Recorded data:
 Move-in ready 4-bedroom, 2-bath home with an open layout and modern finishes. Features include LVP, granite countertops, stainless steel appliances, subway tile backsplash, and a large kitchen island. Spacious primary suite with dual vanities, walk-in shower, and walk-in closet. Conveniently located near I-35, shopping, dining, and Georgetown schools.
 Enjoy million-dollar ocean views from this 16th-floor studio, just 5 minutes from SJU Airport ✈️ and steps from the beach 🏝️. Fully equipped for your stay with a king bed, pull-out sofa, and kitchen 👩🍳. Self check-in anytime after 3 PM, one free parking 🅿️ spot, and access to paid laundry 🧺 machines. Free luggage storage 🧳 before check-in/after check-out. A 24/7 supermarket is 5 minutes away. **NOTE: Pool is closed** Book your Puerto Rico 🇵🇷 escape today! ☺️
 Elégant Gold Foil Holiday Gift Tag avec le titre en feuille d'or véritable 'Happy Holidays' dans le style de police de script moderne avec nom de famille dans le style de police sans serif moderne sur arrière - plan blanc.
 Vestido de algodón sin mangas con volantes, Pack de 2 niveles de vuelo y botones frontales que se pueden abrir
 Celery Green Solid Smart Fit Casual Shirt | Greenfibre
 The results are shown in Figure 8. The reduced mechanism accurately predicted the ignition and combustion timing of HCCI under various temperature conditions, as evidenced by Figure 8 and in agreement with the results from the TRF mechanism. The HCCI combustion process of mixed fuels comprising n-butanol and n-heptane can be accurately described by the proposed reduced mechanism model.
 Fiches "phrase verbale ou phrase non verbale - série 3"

Your instructions: Give back the whole listing above. Keep every character the same.

Response to the task:
 Move-in ready 4-bedroom, 2-bath home with an open layout and modern finishes. Features include LVP, granite countertops, stainless steel appliances, subway tile backsplash, and a large kitchen island. Spacious primary suite with dual vanities, walk-in shower, and walk-in closet. Conveniently located near I-35, shopping, dining, and Georgetown schools.
 Enjoy million-dollar ocean views from this 16th-floor studio, just 5 minutes from SJU Airport ✈️ and steps from the beach 🏝️. Fully equipped for your stay with a king bed, pull-out sofa, and kitchen 👩🍳. Self check-in anytime after 3 PM, one free parking 🅿️ spot, and access to paid laundry 🧺 machines. Free luggage storage 🧳 before check-in/after check-out. A 24/7 supermarket is 5 minutes away. **NOTE: Pool is closed** Book your Puerto Rico 🇵🇷 escape today! ☺️
 Elégant Gold Foil Holiday Gift Tag avec le titre en feuille d'or véritable 'Happy Holidays' dans le style de police de script moderne avec nom de famille dans le style de police sans serif moderne sur arrière - plan blanc.
 Vestido de algodón sin mangas con volantes, Pack de 2 niveles de vuelo y botones frontales que se pueden abrir
 Celery Green Solid Smart Fit Casual Shirt | Greenfibre
 The results are shown in Figure 8. The reduced mechanism accurately predicted the ignition and combustion timing of HCCI under various temperature conditions, as evidenced by Figure 8 and in agreement with the results from the TRF mechanism. The HCCI combustion process of mixed fuels comprising n-butanol and n-heptane can be accurately described by the proposed reduced mechanism model.
 Fiches "phrase verbale ou phrase non verbale - série 3"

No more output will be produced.